START DATASET ENTRIES

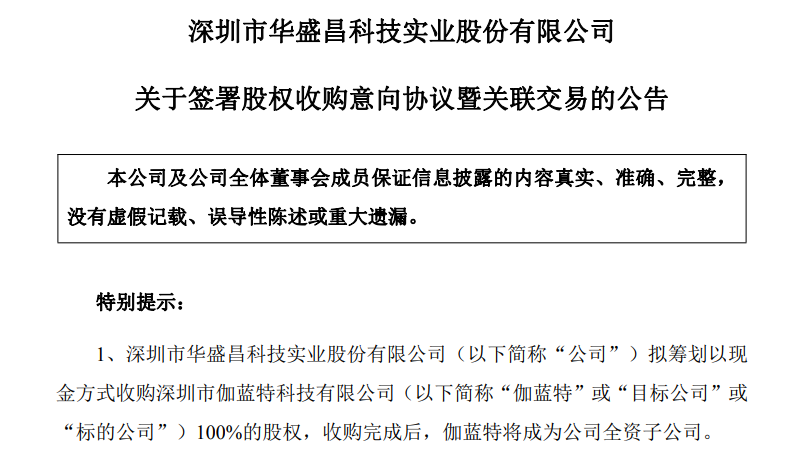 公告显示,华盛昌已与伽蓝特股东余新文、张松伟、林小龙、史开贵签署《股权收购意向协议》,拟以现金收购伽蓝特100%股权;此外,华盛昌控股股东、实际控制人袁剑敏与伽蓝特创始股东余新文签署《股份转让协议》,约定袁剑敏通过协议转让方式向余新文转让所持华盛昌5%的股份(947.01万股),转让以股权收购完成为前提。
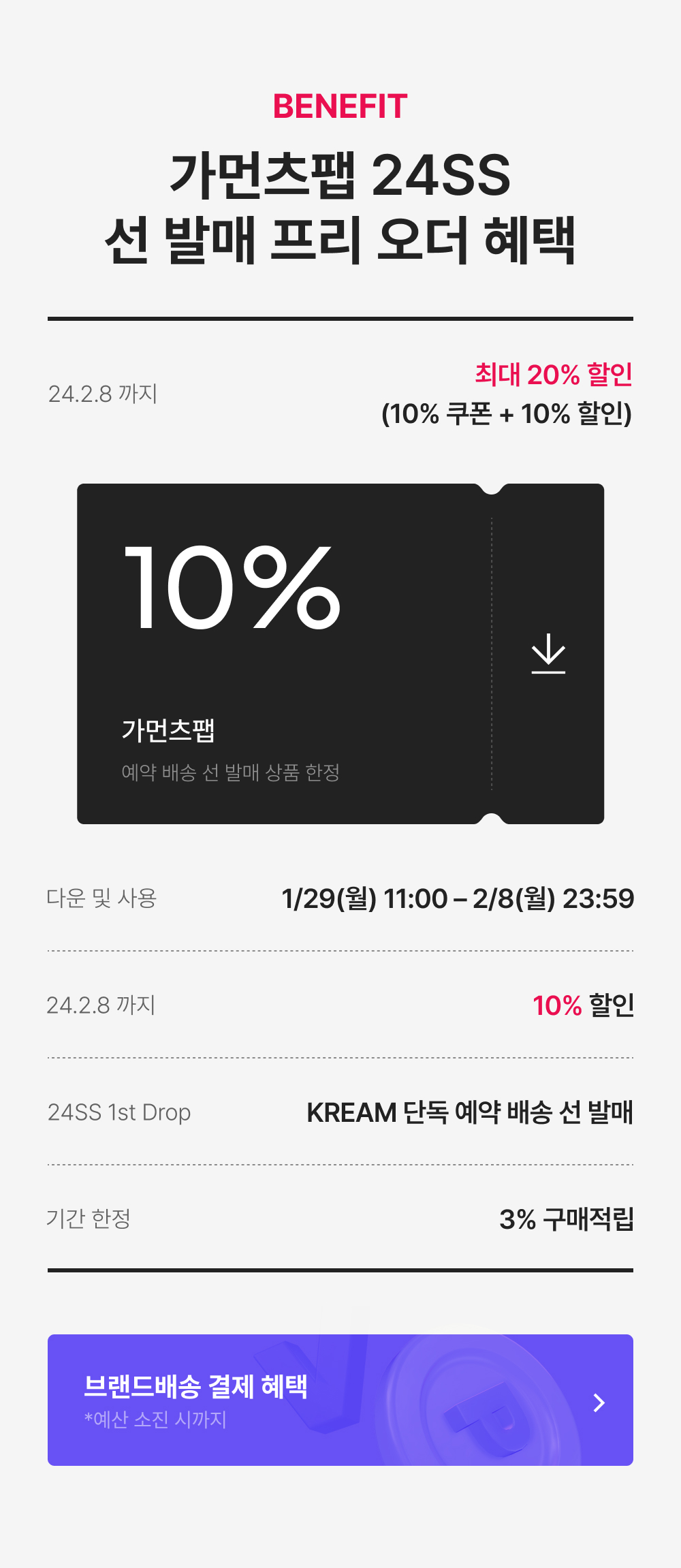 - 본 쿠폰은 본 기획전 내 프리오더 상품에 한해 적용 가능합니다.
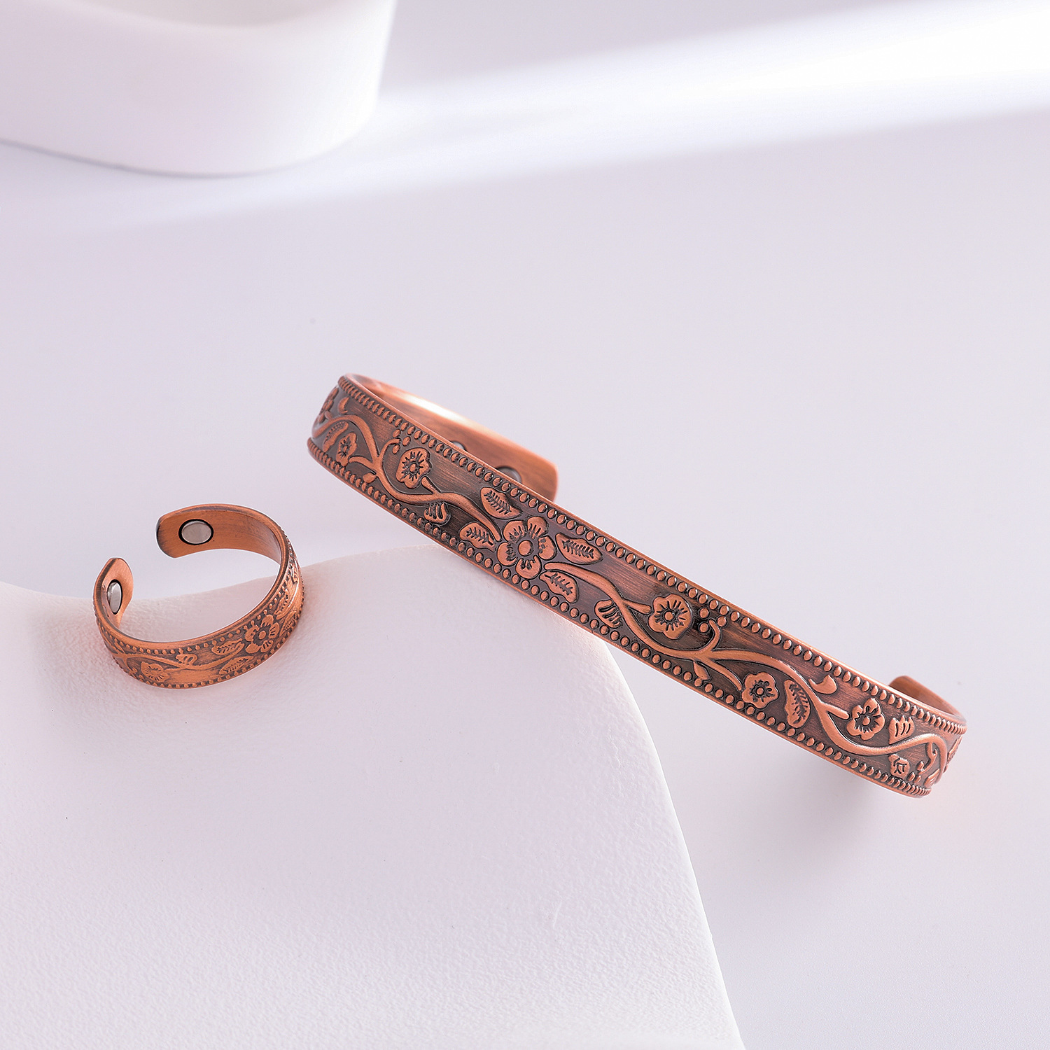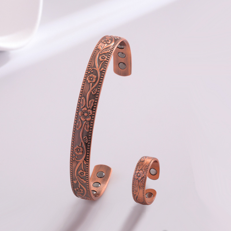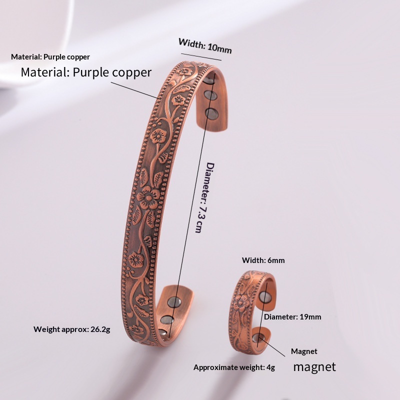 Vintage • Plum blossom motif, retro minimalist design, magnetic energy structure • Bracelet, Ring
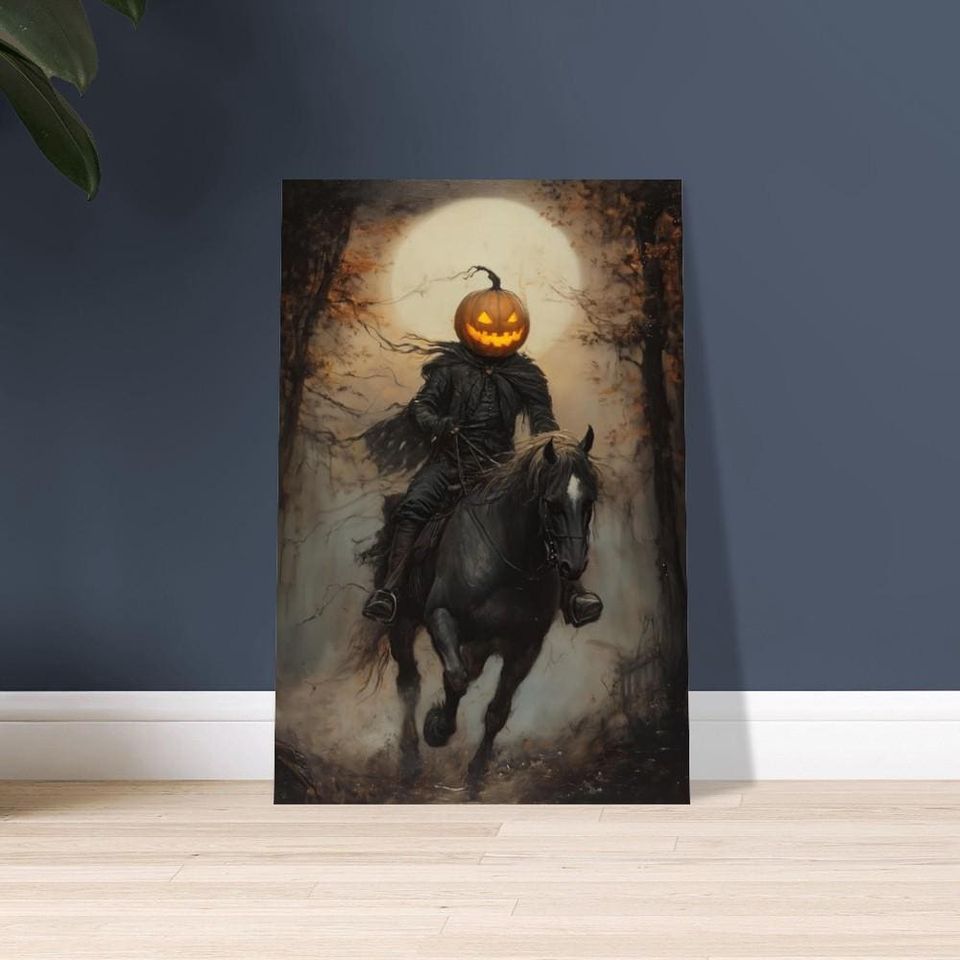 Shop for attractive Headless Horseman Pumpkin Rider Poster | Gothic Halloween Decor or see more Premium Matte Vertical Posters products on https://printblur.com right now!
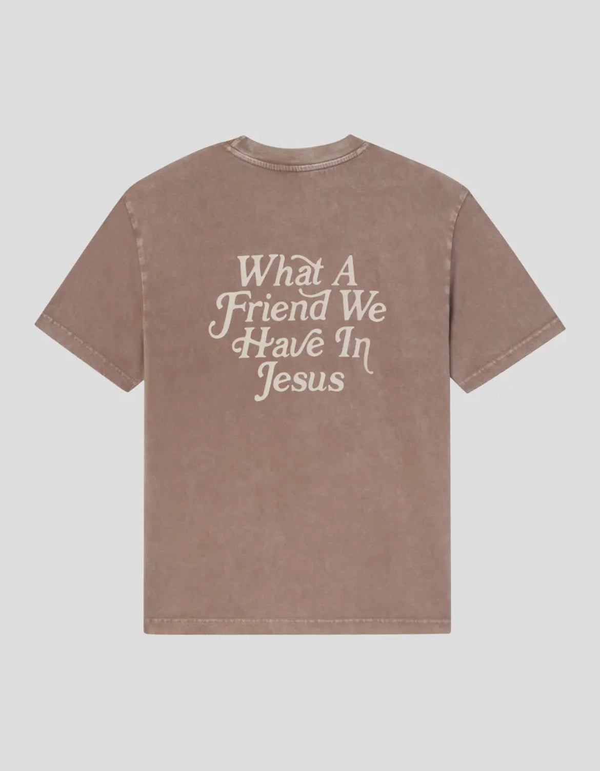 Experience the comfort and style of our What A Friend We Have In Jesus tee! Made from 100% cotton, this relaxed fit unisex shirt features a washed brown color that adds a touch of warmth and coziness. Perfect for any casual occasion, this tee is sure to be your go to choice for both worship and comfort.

END DATASET ENTRIES
START DATASET ENTRIES

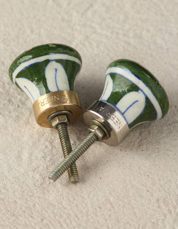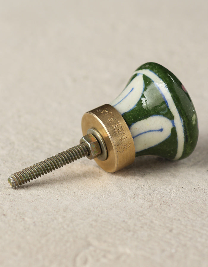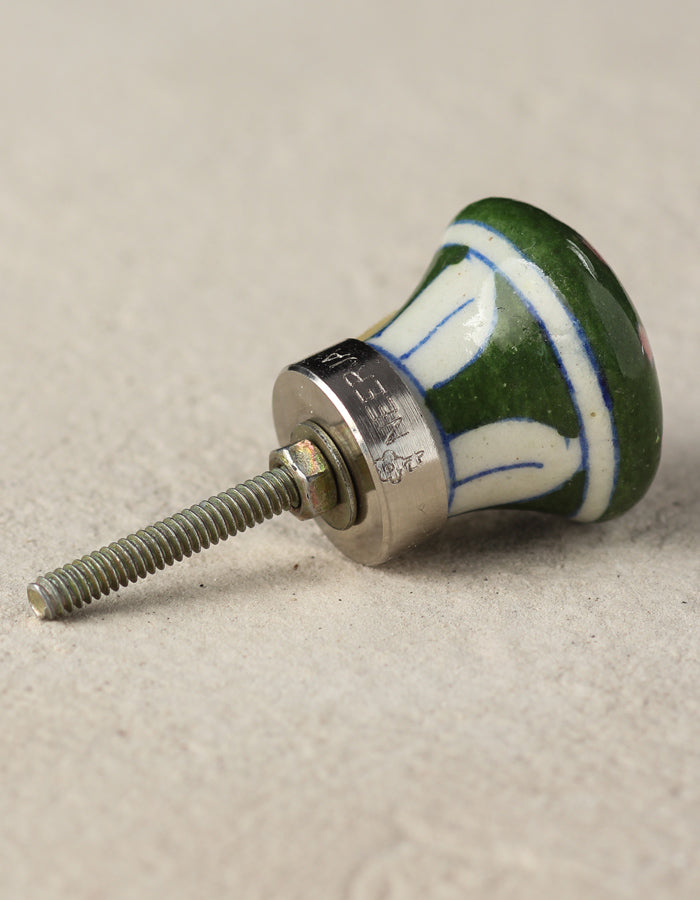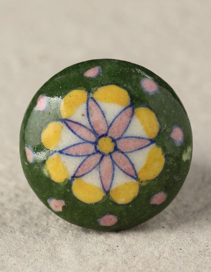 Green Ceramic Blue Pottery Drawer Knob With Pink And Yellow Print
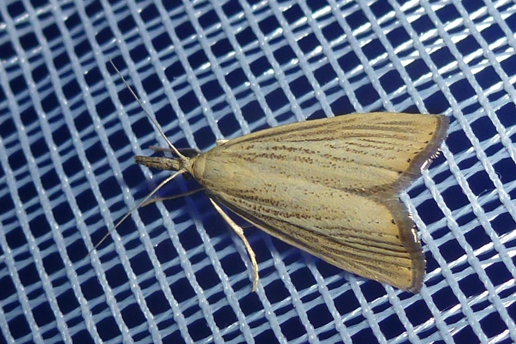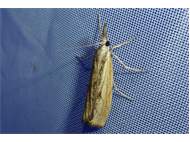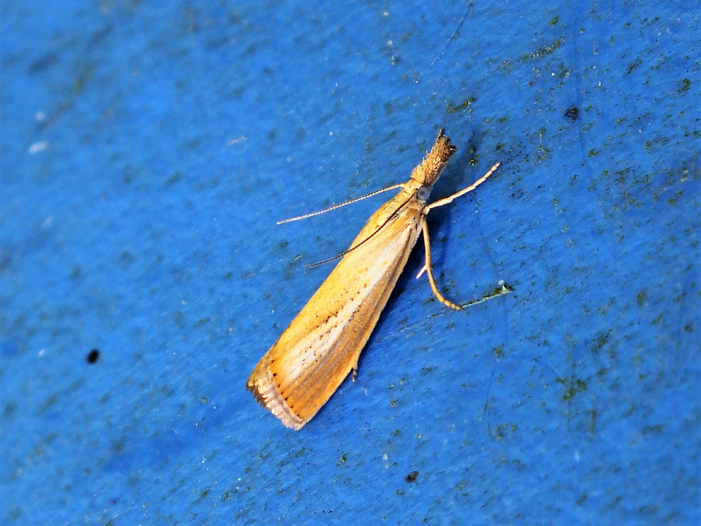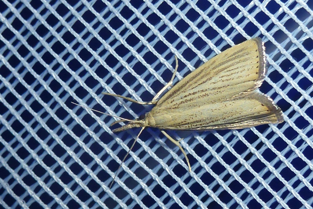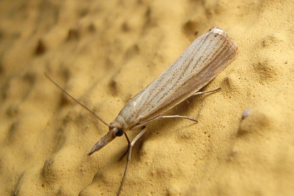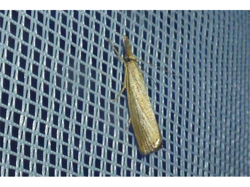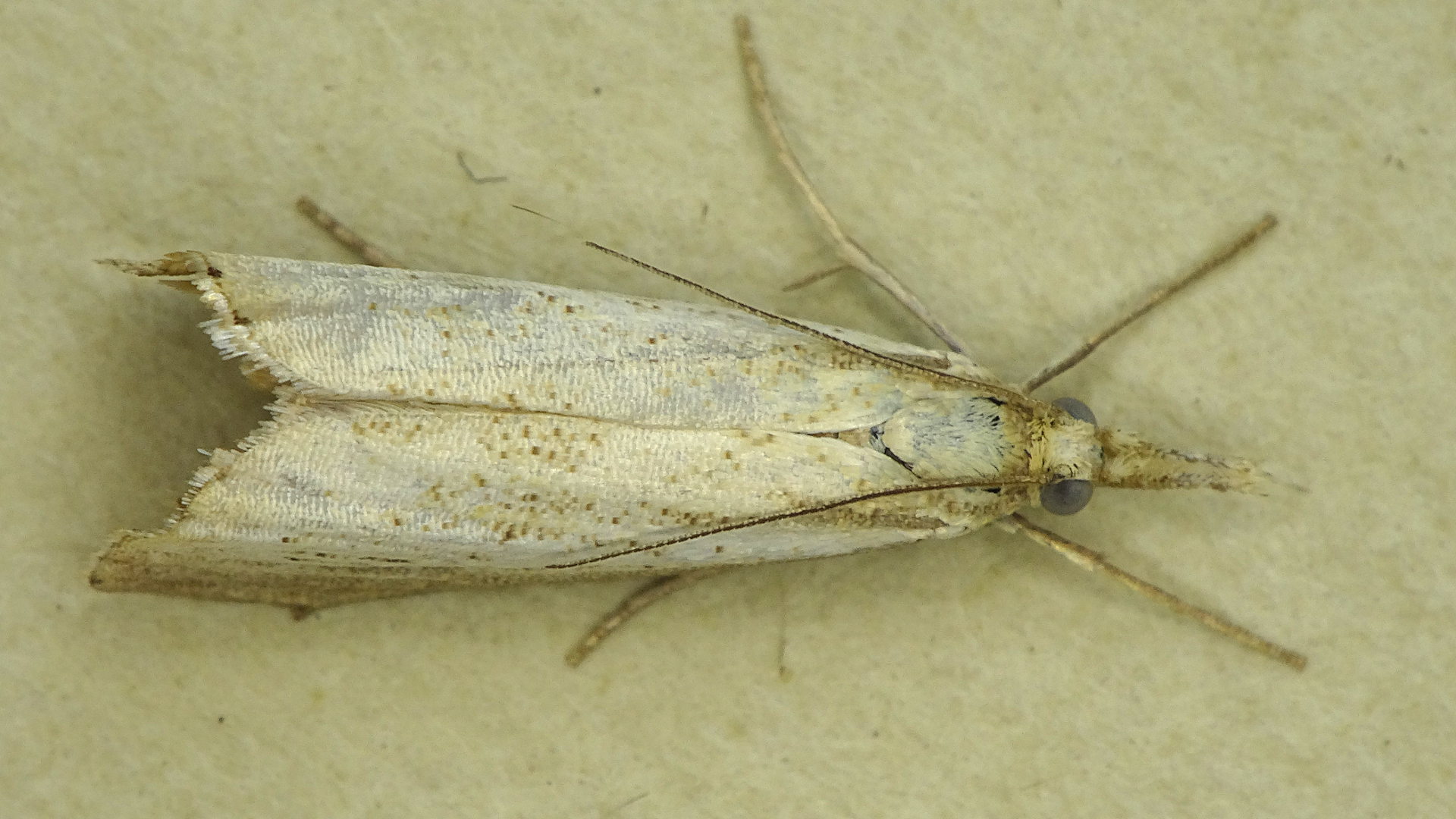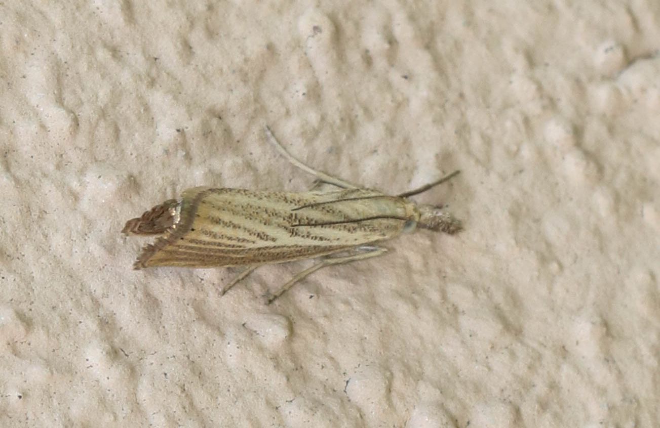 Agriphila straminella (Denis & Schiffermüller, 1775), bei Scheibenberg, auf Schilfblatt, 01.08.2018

END DATASET ENTRIES

### [WORK INSTRUCTION]
Because only one stretch of the records is wanted, please output the lines from the one holding "公告显示,华盛昌已与伽蓝特股" through the one holding "Shop for attractive" exactly, both included, and leave every picture out.

### [OUTPUT FOR THIS EXERCISE]
 公告显示,华盛昌已与伽蓝特股东余新文、张松伟、林小龙、史开贵签署《股权收购意向协议》,拟以现金收购伽蓝特100%股权;此外,华盛昌控股股东、实际控制人袁剑敏与伽蓝特创始股东余新文签署《股份转让协议》,约定袁剑敏通过协议转让方式向余新文转让所持华盛昌5%的股份(947.01万股),转让以股权收购完成为前提。
 - 본 쿠폰은 본 기획전 내 프리오더 상품에 한해 적용 가능합니다.
 Vintage • Plum blossom motif, retro minimalist design, magnetic energy structure • Bracelet, Ring
 Shop for attractive Headless Horseman Pumpkin Rider Poster | Gothic Halloween Decor or see more Premium Matte Vertical Posters products on https://printblur.com right now!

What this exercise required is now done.